I didn’t think there was anything that could have made me feel any more pitiful and low, but part of me had spent the whole day after my strange meeting with Neil expecting to see him again. Every time I’d heard a car engine, my eyes had flown to the big plate glass windows lining the front of the diner. I was sure that it would be his old beat up red truck once again.

There had been exactly five sets of customers that afternoon, and every time the bell rang, I was sure it would be Neil. My stomach would drop at the same time as my heart leaped up into my throat. My mind raced with all of the things I would say when I saw that it was him. Except that it had never been him, not any of the times when the bell had rung.

Of course, it hadn’t been him, I would admonish myself after each disappointment. Why the hell would he come back in here after the first time? It wasn’t like he had looked happy to see me. The more I’d thought about it after he’d gone, the more sure I had become of what his true reaction had actually been. Mortification.
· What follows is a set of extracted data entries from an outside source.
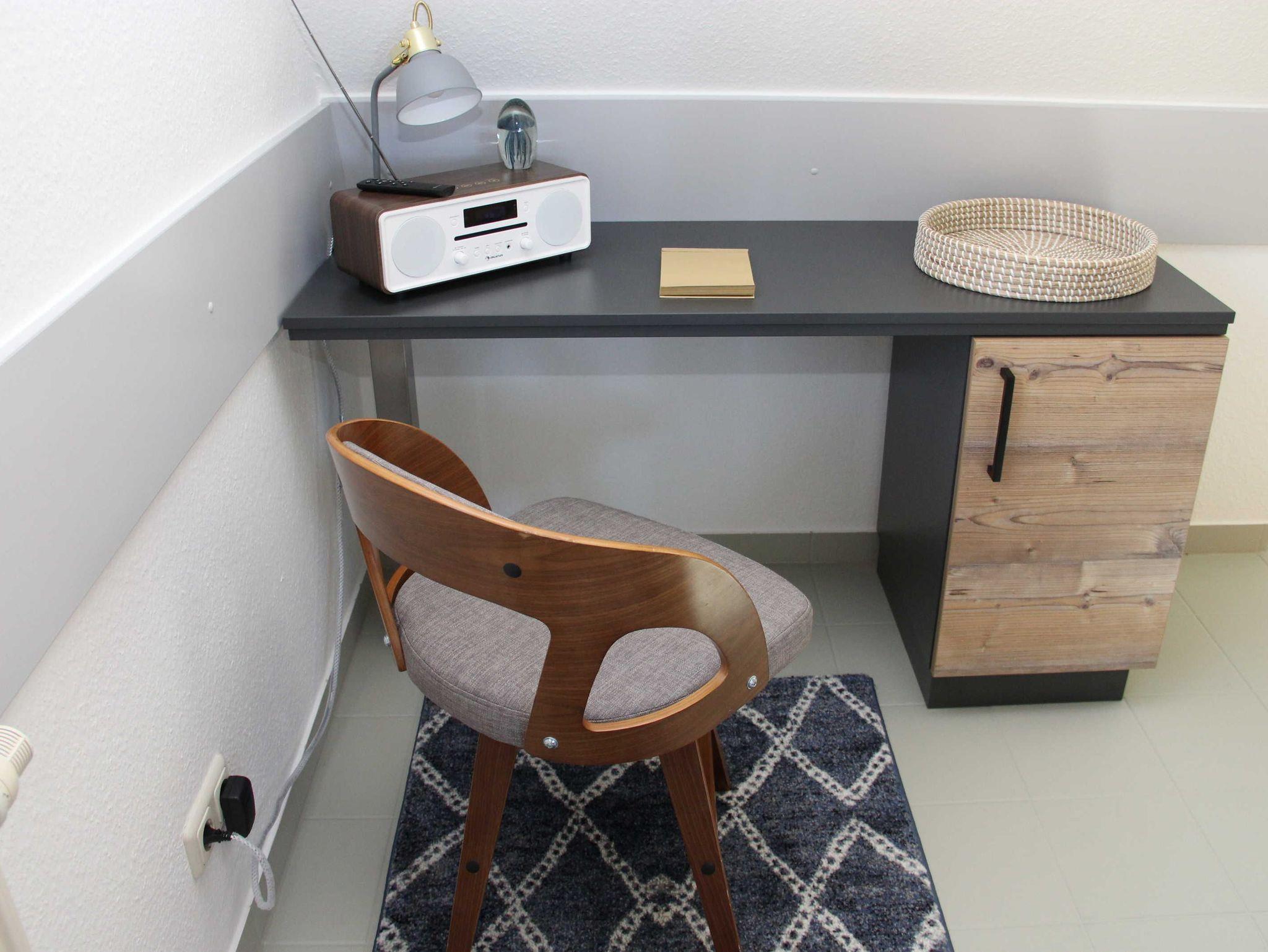 liebevoll eingerichtete Ferienwohnung im Obergeschoss über 2 Etagen. Die Wohnung liegt direkt hinter dem Deich im Ferienhof am Fischland etwa 1,5 km vor Wustrow in einer kleinen Ferienanlage.Die sonnige Terrasse mit Strandkorb lädt zum Verweilen ein oder Sie genießen den Sonnenuntergang am Strand mit einem Glas Wein. Das offen gestaltete Wohnzimmer mit den bequemen Sitzmöbeln bietet Platz für 2 Personen. Die offene Schlafgalerie mit Doppelbett 1,60 x 2,00 m und einer durchgehenden Matratze bietet Ihnen einen erholsamen Schlaf. In der separaten Küchenzeile finden Sie eine Spülmaschine, Lapicola- Pad Kaffeemaschine, einen Backofen und ausreichen Küchenutensilien, um gemeinsam leckere Speisen zu kochen. Die Wohnung verfügt über einen kostenlosen WLAN- Zugang. Die Bettwäsche ist inklusive und Handtücher sind bei der Zimmervermittlung zubuchbar - ein Wäschepaket 19,50 € (1 Badetuch, 1 Handtuch, 1 Laken, 1 Kopfkissen, 1 Bezug). In der Wohnung ist das Rauchen nicht erlaubt.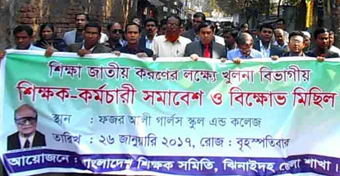 শিক্ষা জাতীয়করণের দাবীতে ঝিনাইদহে মাগুরাসহ ৬ জেলার খুলনা বিভাগীয় শিক্ষক-কর্মচারী সমাবেশ ও বিক্ষোভ মিছিল অনুষ্ঠিত হয়েছে। বাংলাদেশ শিক্ষক সমিতির আয়োজনে বৃহস্পতিবার বিকেলে ঝিনাইদহ শহরের ফজর আলী গার্লস স্কুল এন্ড কলেজ মাঠে এ সমাবেশে সভাপতিত্ব করেন বাংলাদেশ শিক্ষক সমিতি কেন্দ্রীয় কমিটির সহ-সভাপতি এস এম আবু বক্কর।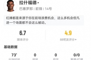 體育資訊4月9日訊 巴薩在本輪歐冠0-2落后馬競,拉什福德本場數(shù)據(jù)如下: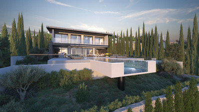 The villa consists of an open-plan living/ dining/ breakfast area, a separate kitchen, a laundry room and a guest WC with shower on the ground floor and 4 bedrooms all with en-suite bathrooms and the master with walk-in closet and a hot tub on the first floor. All the bedrooms have a balcony with sea views.

He’d taken one look at me and been absolutely mortified. He hadn’t been able to get away from me fast enough. Courtney was right, although I didn’t want her to be. I hadn’t been ready to talk about anything, and I wasn’t sure that I would ever be ready, either. That face to face with Neil had made me feel like complete shit. I was pretty sure it was something that would take a little while to recover from.